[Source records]
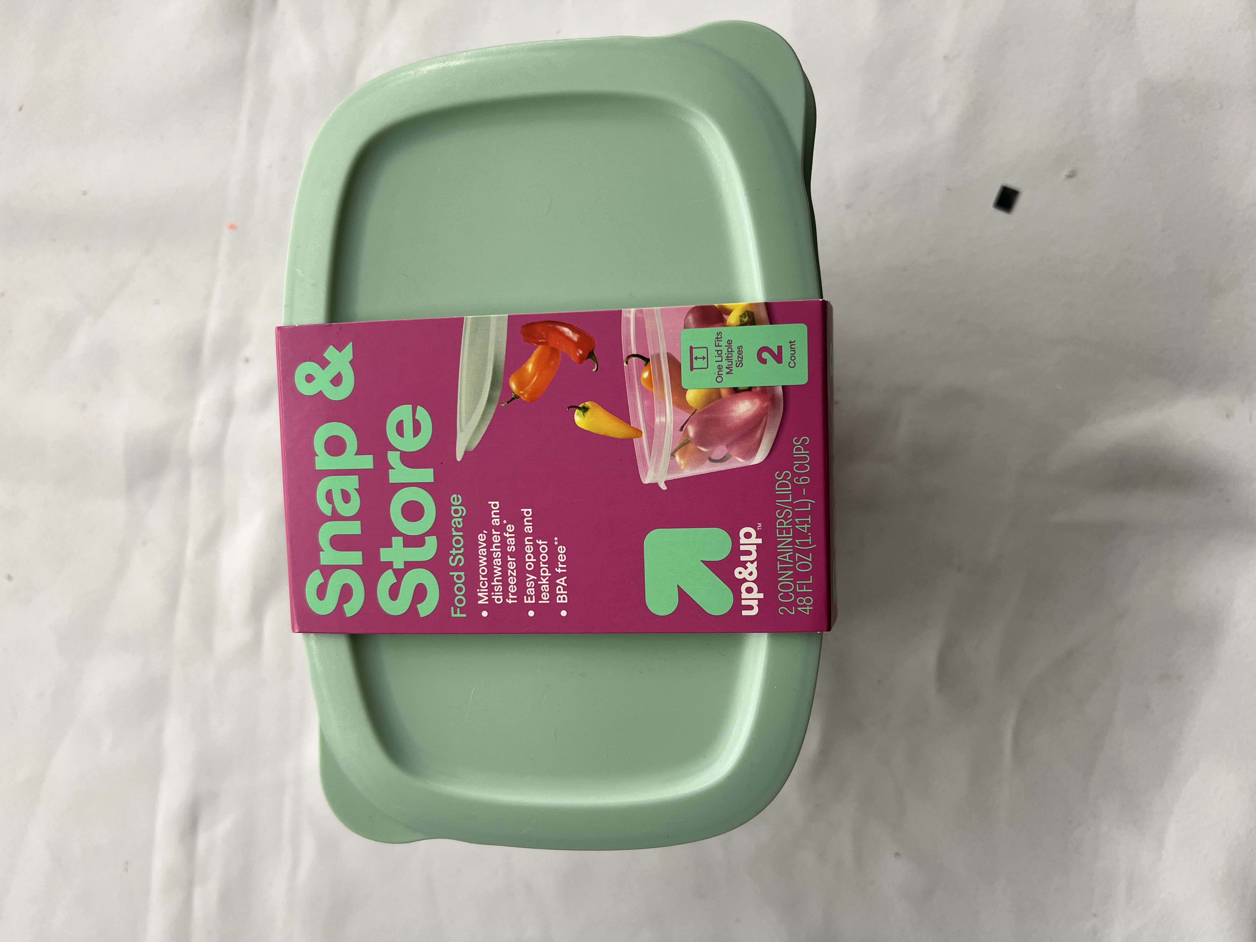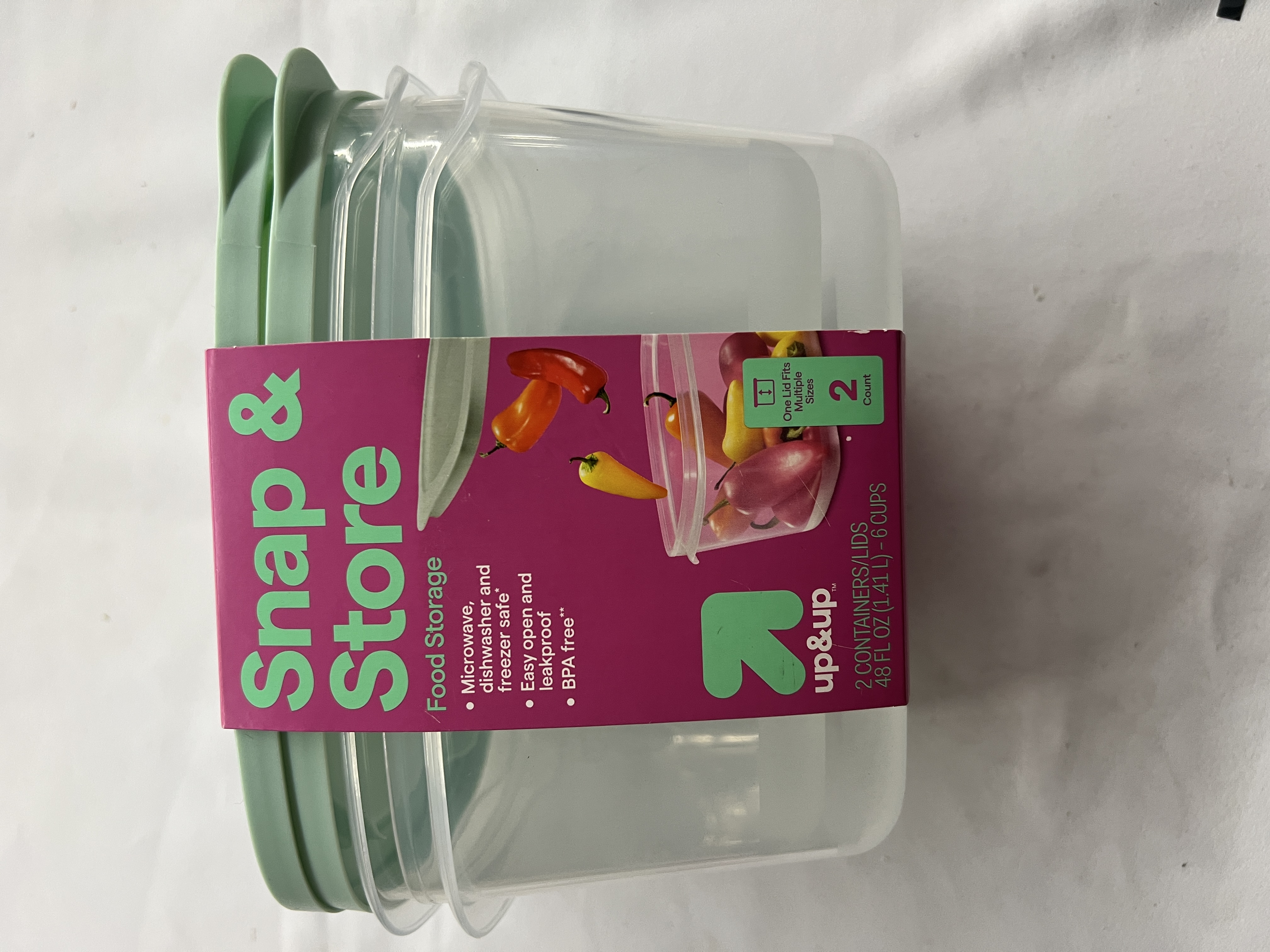 Store meats, veggies, fruit and more in the fridge with the 2-Count Large Rectangle Food Storage Containers from up&up™. Made from BPA-free plastic in a rectangle shape, this set of handy food storage containers feature a mint green snap-on lid with a leakproof design, and a transparent body for easy identification of stored contents. These multipurpose food containers are perfect for storing a variety of food items. Plus, they're microwave, dishwasher and freezer safe for versatile use.
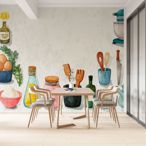 Créa'VCe papier peint cuisine vintage présente une illustration artistique d'ingrédients culinaires et d'ustensiles de cuisine, créant une ambiance chale...
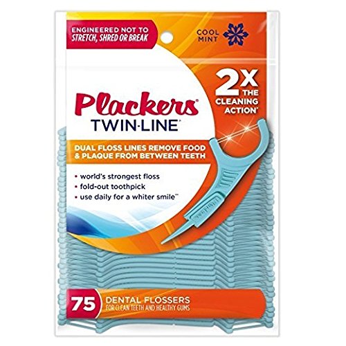 Plackers Twin Line Whitening Flossers, 75 Ct (Pack of 2)
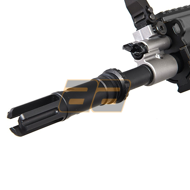 • Canon externe, Flashhider, rails et body en métal • S'arrête de tirer lorsque le chargeur est vide (seulement avec le chargeur 90 BBs) • Canon externe amovible qui convertit la longueur Standard à CQC
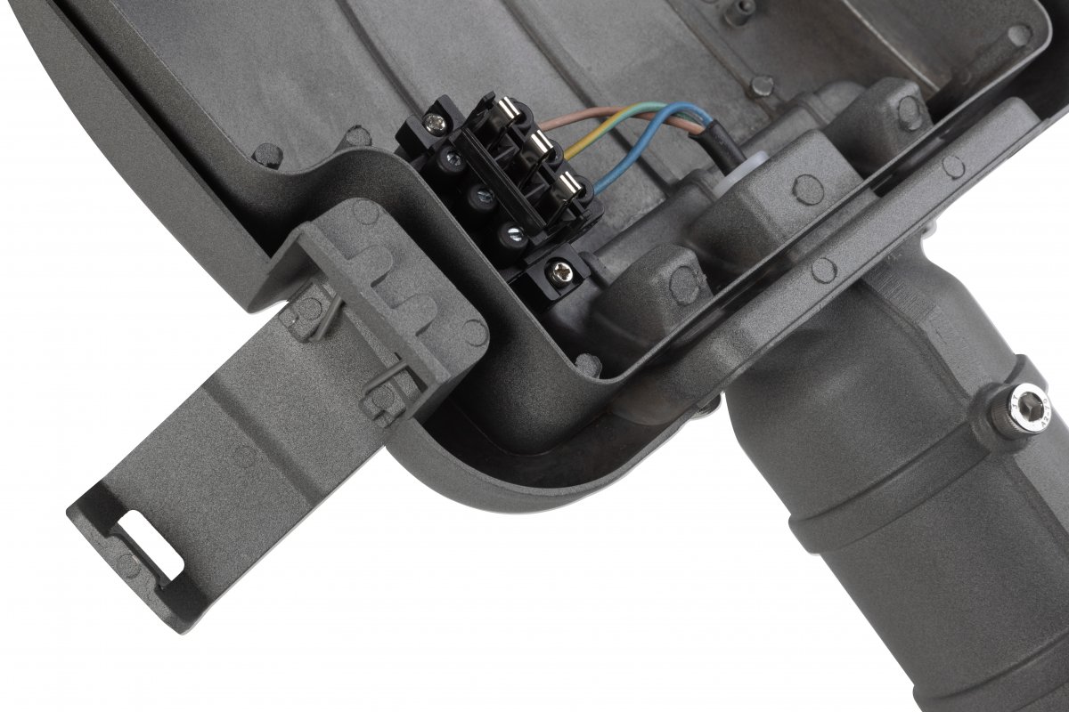 Pouliční a parková lampa DANI je moderní a efektivní řešení osvětlení, ideální pro aplikace v městských prostorách, jako jsou ulice, parky nebo sídliště. S vysokou světelnou účinností 150 lm/W poskytuje jasné a rovnoměrné osvětlení a neutrální barva světla 4000 K podporuje vizuální komfort a bezpečnost pro uživatele. Svítilna má nastavitelný úhel držáku ve dvou polohách (0° nebo 90°), což umožňuje její montáž přímo na sloup (držák svisle) nebo pomocí výložníku (držák vodorovně) s možností dodatečného nastavení sklonu. Vestavěná vodováha umožňuje přesně umístit lampu do správného úhlu.
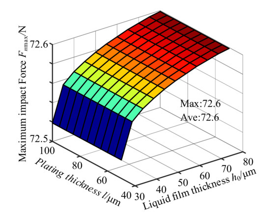 According to Figure 9, maximum impact force Fnmax changes very little within the range of selected structural parameters, ranging from 72.5 to 72.6. It will be invariable with the change of plating thickness, but increases with the increase of liquid film thickness. The maximum value of Fnmax occurs in the combination of h0 = 80 µm and l = 50 µm. Therefore, take it as a typical example in order to analyzing operation rules as shown in Figure 10.
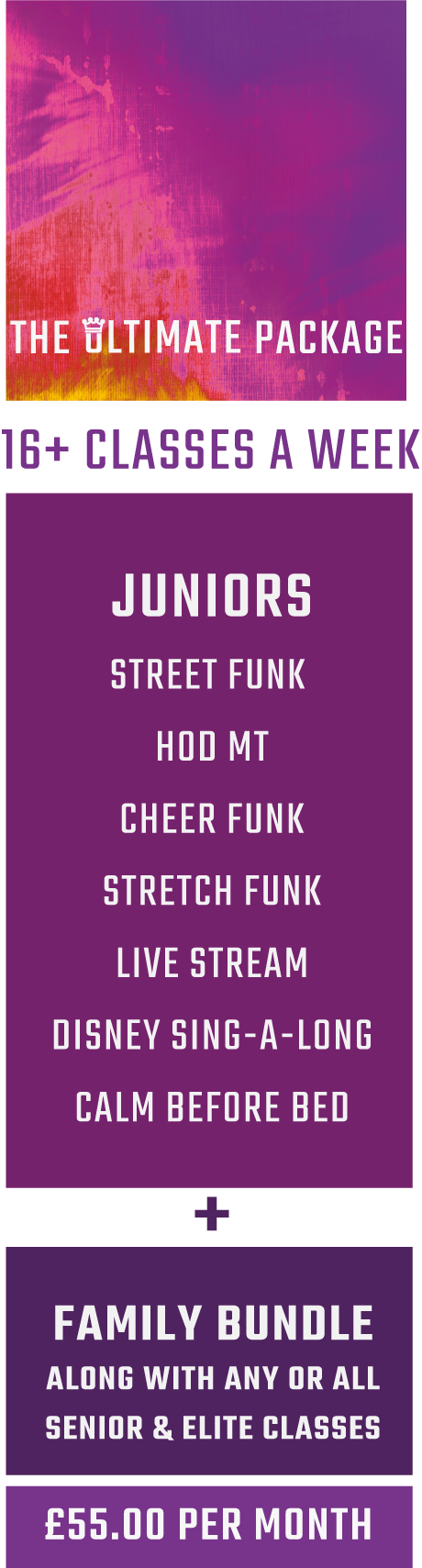 Plus a FAMILY BUNDLE along with any or all Senior and Elite classes
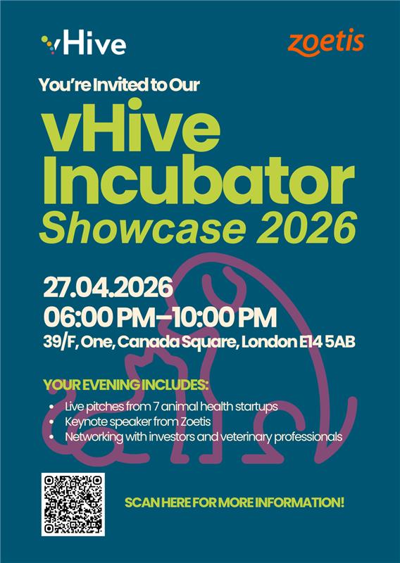 Please join us as we celebrate the successes from the second year of the Veterinary Health Innovation Engine (vHive) Incubator and hear a selection of pitches from a range of cutting edge startups within the programme. Alongside start-up pitches, we are delighted to have a keynote speaker from Zoetis, who will be announced shortly.
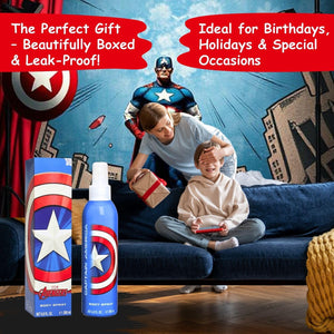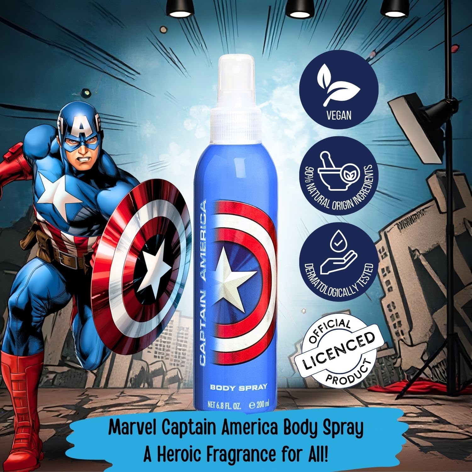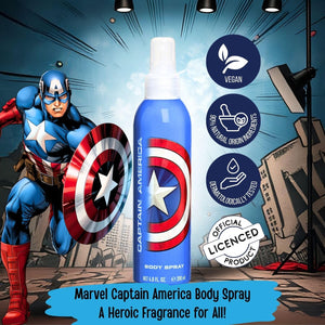 Unleash your inner hero with Marvel Men's Captain America Body Spray. Designed
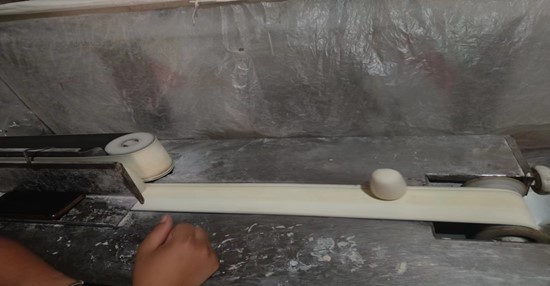 圖為實踐隊員在看顧機器和面的過程。在這個過程中,要時刻注意著面的軟硬程度,不宜過軟也不宜過硬,和出最適宜做饅頭的面。中國青年網通訊員 谷亞楠 提供

PROMPT ▸ Only the lines from the one that contains "Créa'VCe papier peint" to the end of the records, inclusive, are to be quoted exactly, with pictures excluded.

SOLUTION TO THIS PROBLEM ▸
 Créa'VCe papier peint cuisine vintage présente une illustration artistique d'ingrédients culinaires et d'ustensiles de cuisine, créant une ambiance chale...
 Plackers Twin Line Whitening Flossers, 75 Ct (Pack of 2)
 • Canon externe, Flashhider, rails et body en métal • S'arrête de tirer lorsque le chargeur est vide (seulement avec le chargeur 90 BBs) • Canon externe amovible qui convertit la longueur Standard à CQC
 Pouliční a parková lampa DANI je moderní a efektivní řešení osvětlení, ideální pro aplikace v městských prostorách, jako jsou ulice, parky nebo sídliště. S vysokou světelnou účinností 150 lm/W poskytuje jasné a rovnoměrné osvětlení a neutrální barva světla 4000 K podporuje vizuální komfort a bezpečnost pro uživatele. Svítilna má nastavitelný úhel držáku ve dvou polohách (0° nebo 90°), což umožňuje její montáž přímo na sloup (držák svisle) nebo pomocí výložníku (držák vodorovně) s možností dodatečného nastavení sklonu. Vestavěná vodováha umožňuje přesně umístit lampu do správného úhlu.
 According to Figure 9, maximum impact force Fnmax changes very little within the range of selected structural parameters, ranging from 72.5 to 72.6. It will be invariable with the change of plating thickness, but increases with the increase of liquid film thickness. The maximum value of Fnmax occurs in the combination of h0 = 80 µm and l = 50 µm. Therefore, take it as a typical example in order to analyzing operation rules as shown in Figure 10.
 Plus a FAMILY BUNDLE along with any or all Senior and Elite classes
 Please join us as we celebrate the successes from the second year of the Veterinary Health Innovation Engine (vHive) Incubator and hear a selection of pitches from a range of cutting edge startups within the programme. Alongside start-up pitches, we are delighted to have a keynote speaker from Zoetis, who will be announced shortly.
 Unleash your inner hero with Marvel Men's Captain America Body Spray. Designed
 圖為實踐隊員在看顧機器和面的過程。在這個過程中,要時刻注意著面的軟硬程度,不宜過軟也不宜過硬,和出最適宜做饅頭的面。中國青年網通訊員 谷亞楠 提供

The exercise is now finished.